Ebb is a small, extremely high performance Web / HTTP server designed specifically for hosting applications built upon Web frameworks such as Rails and Merb (and, in future, apps on other non-Ruby frameworks.) The design is event based (similar to that used by Ruby daemons that use EventMachine) but Ebb itself is written in C and dispatches requests to Rack adapters. This is a real leapfrog over the popular Mongrel and Thin daemons which are primarily written in Ruby, and results in scary levels of performance.
Since the start of 2008, it seems as if the Ruby and Rails deployment sectors have been on fire! Thin, a Ruby HTTP daemon that’s faster than Mongrel, made it on the scene in January, then we discussed the problems involved in deploying apps here on Ruby Inside, and my own SwitchPipe arrived in February. Other systems such as Swiftiply have also continued to innovate. These are exciting times!

Castanaut is a Ruby-backed screencasting domain-specific language that allows you to script screencasts in code. When these scripts are run, Castanaut takes control of your Mac and produces the desired effect. It’s simply automated, scripted screencasting.
The Origin
Two weeks ago I was reading a post on 37signals’ blog about producing screencasts. Joseph Pearson’s comment got me all excited:
At Inventive Labs, we’re experimenting with scripted screencasts. That is, you run a script, and at the end of it you have a screencast.
For example, this movie was generated by this Ruby script. No human was involved at all.
Obviously we would replace the text-to-speech narrative with a real voice actor for any screencast we put out, not least because the robot suffers from the Uncanny Valley effect. But it does ensure that timing is right.
I e-mailed Joseph and gave his system a try. It’s now publicly available under the superb WTFPL license.

Why?
One of the common problems with screencasts is that they take a long time to produce, and this often means they fail to get updated when situations change (new versions of products, updated interfaces, etc.) With Castanaut, you could script your screencasts and rapidly reproduce them each time your software has a major update. If the changes are just at the interface level, you could even reproduce the video, paste the old voice / sound track over the top, and you’d be done.

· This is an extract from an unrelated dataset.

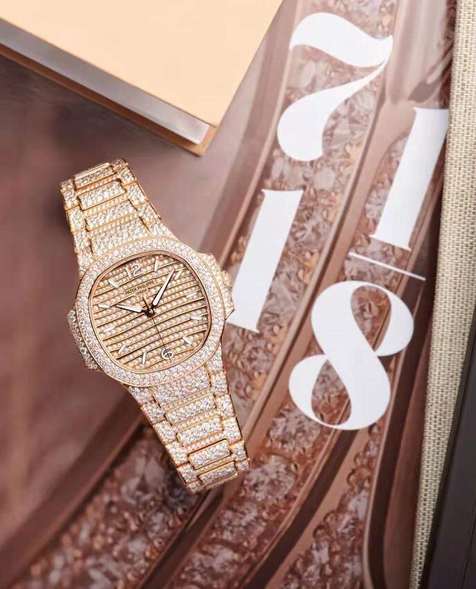 Nautilus高級珠寶腕表7118/1450R-001,以玫瑰金款式登場,全表鑲嵌鑽石潤飾,光芒耀目。

As an aside, if you’re more interested in producing screencasts the “old fashioned” way, I can heartily recommend Geoffrey Grosenbach’s “Screencasting On The Mac” video. It costs $9 but you get a lot of information for your money. PeepCode is a sponsor of Ruby Inside but I am recommending this separately to that. I watched it last week and took away a lot of useful information, although now I’m being tempted by Castanaut instead ;-)
Rush, by Adam Wiggins, is an interesting development. It’s a shell and remote login (as with SSH) replacement written in Ruby that accepts Ruby syntax to perform system operations. Consider these operations:
processes.each { |p| p.kill if p.command == “mongrel_rails“ }
Or..
local = Rush::Box.new(’localhost‘) remote = Rush::Box.new(’my.remote.server.com‘) local_dir = local[’/Users/adam/myproj/‘] remote_dir = remote[’/home/myproj/app/‘] local_dir.copy_to remote_dir remote_dir[’**/.svn/‘].each { |d| d.destroy }
Instead of making you use the usual UNIX commands, Rush abstracts a collection of system related tasks and allows you to perform operations using the Ruby you know and love. I can’t say I’m rushing to install this just yet, because I think there might be some security aspects that need to be figured out, but it’s definitely a bold, interesting development and I’m keen to see where it goes next.